The current paradigm in tissue engineering requires the fabrication of multi-scale structures that can reproduce the complex topography and biochemical composition of the extracellular matrix (ECM). For example, the dermal layer of skin consists of elastin and collagen fibers with widths ranging from a few hundred nanometers to a few microns. The figure shows the SHG image from the collagen fibers in ex vivo skin. Fibroblasts require this complex 3D structure to properly spread, differentiate, migrate, and synthesize new matrix. A fundamental issue in the design of tissue engineering scaffolds is an understanding of the topographic and ECM cues that underlie these cellular processes. To shed light on this problem, we have been systematically examining the cell spreading response on simple geometrical patterns we use to emulate the native ECM structure.
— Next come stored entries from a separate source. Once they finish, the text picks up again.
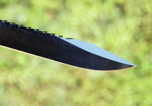 - з профілем Clip-Point і товщиною 5 мм, виготовлений з міцної пружинної сталі SAE 1095 (вуглецевої сталі), загартованої до 55 HRC.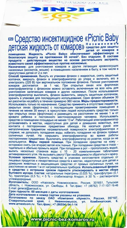 Детская жидкость от комаров 45 ночей Picnic Baby 30 мл. х 2 шт.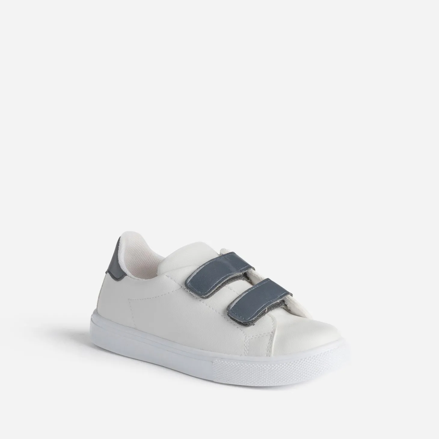 Matière synthétique lisse blanche, double scratchs marine, en écho au contrefort, la nouvelle tennis prône un retour à la simplicité. Un modèle mixte, facile à associer avec toute sa garde-robe.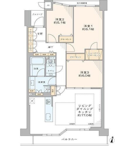 | 間取り | 3LDK + ウォークインクローゼット | 方角 | 南東 |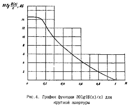 4.11. Функция F(u, x) рассчитывалась апертурным методом - численным интегрированием полей элементарных излучателей (элементов Гюйгенса), расположенных по всей апертуре. В случае круглой апертуры учитывалось затенение апертуры облучателем. Учет затенения осуществлялся исключением интегрирования полей элементов Гюйгенса, расположенных в центре апертуры внутри круга с диаметром dт. В методике принято, что коэффициент затенения dт/d = 0,1 (dт - диаметр "теневого диска", d - диаметр апертуры).

We used MPE photochemistry to fabricate linear patterns of crosslinked fibers from the ECM proteins collagen (types I and II), fibronectin, and fibrinogen, as well as the topographic control of crosslinked BSA. A phase contrast image of fibroblasts on crosslinked type I collagen fibers is shown in the left panel below. We see that the cells preferentially spread on and across the patterns. We observe similar behavior from the other ECM proteins, whereas cells on BSA display quantitatively different spreading. The right panel further shows the importance of ECM cues on cell morphology. The cells were triple stained, and the cells on patterns (white dashes) show highly directed stress fibers (green), whereas the cells in the periphery of the image show only diffuse actin staining. Similarly the cells on the crosslinked collagen show punctate focal adhesion staining (red), indicative of strong cell-matrix interactions.